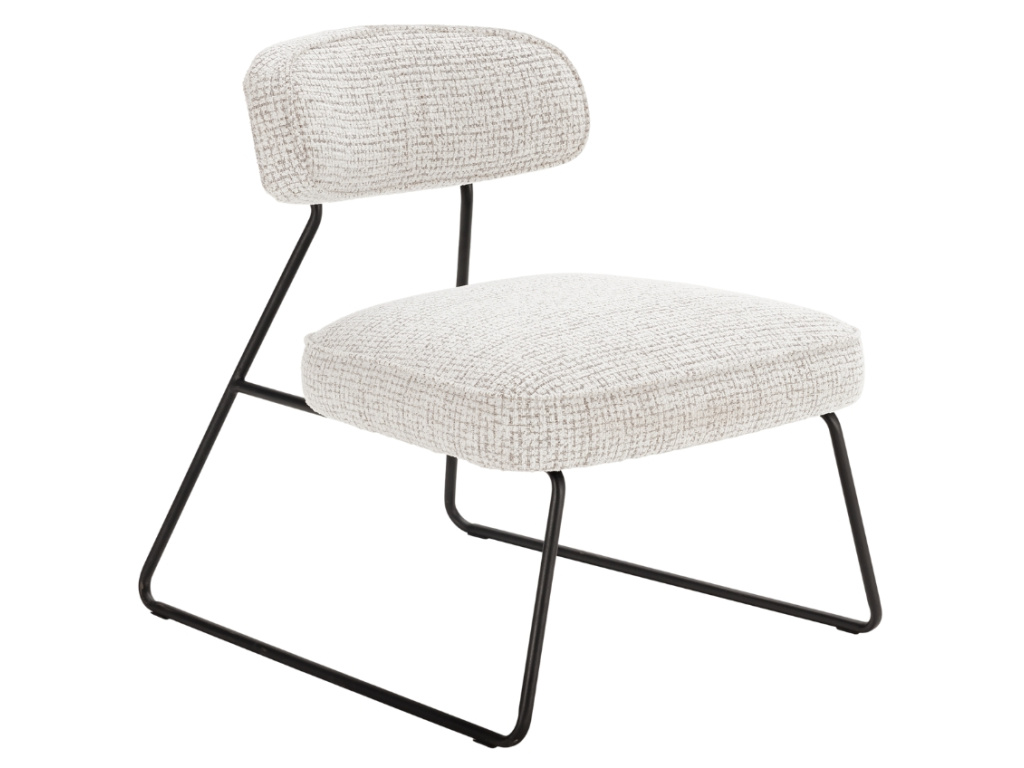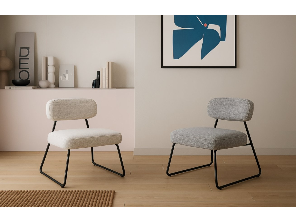 Křeslo Elon zaujme čistou geometrií a moderním pojetím komfortu. Robustní čalounění s výraznou strukturou látky s bílými a béžovými nuancemi kontrastuje s odlehčenou konstrukcí z černého kovu, která působí vzdušně a dynamicky. Díky svému designu skvěle zapadne do moderních obývacích pokojů, loftových interiérů nebo stylových kancelářských lounge zón. Model Elon je dostupný ve dvou barevných variantách.
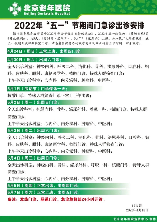 有新变化!北京22家市属医院五一假期门急诊安排出炉
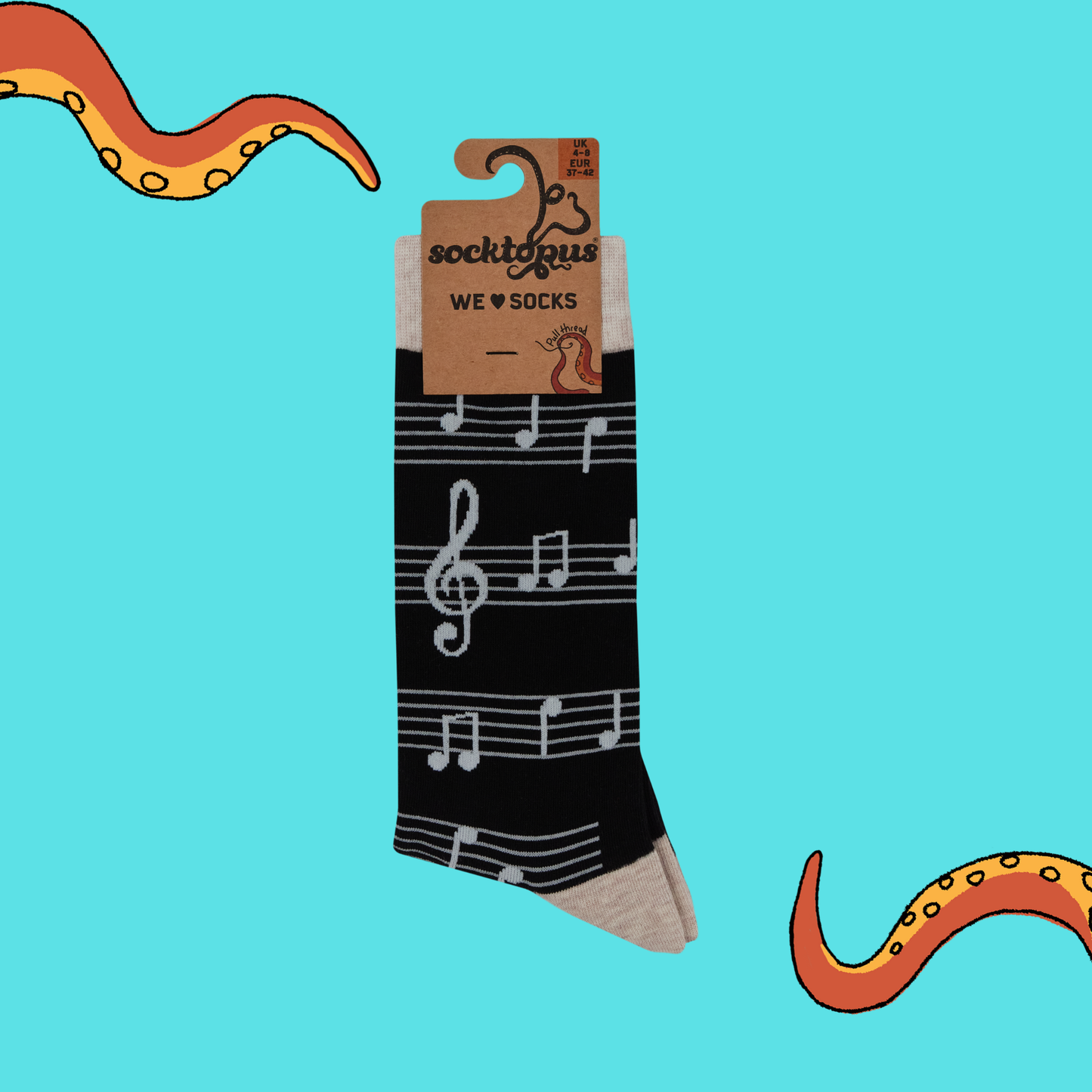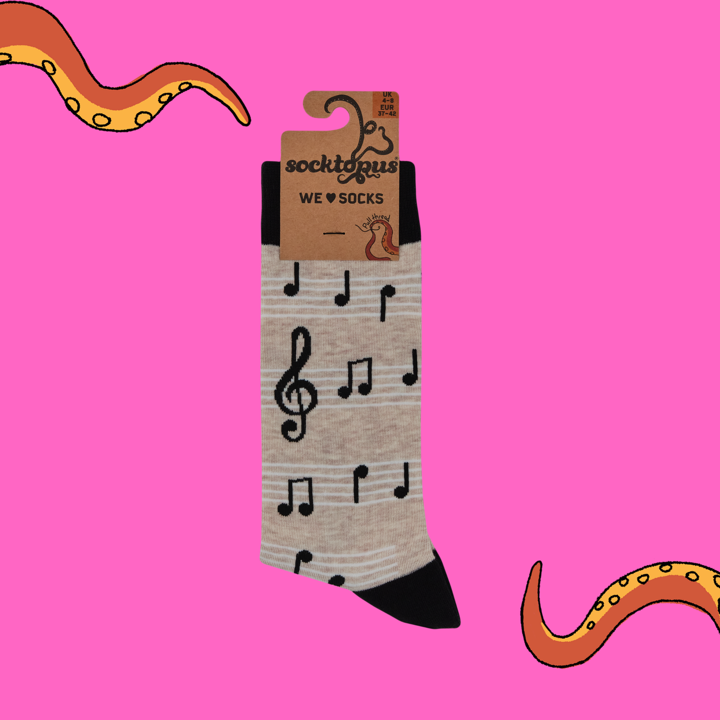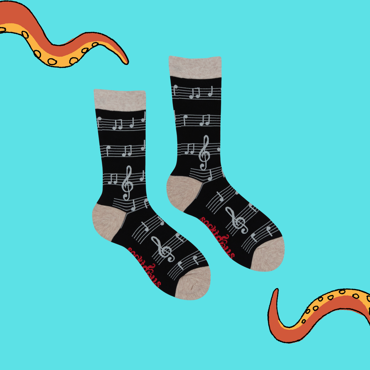 Ideal for musicians, music lovers, and anyone who appreciates a clever pun, they blend soft, cosy fabric with whimsical style. Whether you're tinkling the ivories or just tinkling around the house, these socks hit all the right notes. A harmonious addition to any sock collection!

....

## Exercise objective
Start to finish, write out the data above exactly, omitting all pictures.

## Exercise response
 Křeslo Elon zaujme čistou geometrií a moderním pojetím komfortu. Robustní čalounění s výraznou strukturou látky s bílými a béžovými nuancemi kontrastuje s odlehčenou konstrukcí z černého kovu, která působí vzdušně a dynamicky. Díky svému designu skvěle zapadne do moderních obývacích pokojů, loftových interiérů nebo stylových kancelářských lounge zón. Model Elon je dostupný ve dvou barevných variantách.
 有新变化!北京22家市属医院五一假期门急诊安排出炉
 Ideal for musicians, music lovers, and anyone who appreciates a clever pun, they blend soft, cosy fabric with whimsical style. Whether you're tinkling the ivories or just tinkling around the house, these socks hit all the right notes. A harmonious addition to any sock collection!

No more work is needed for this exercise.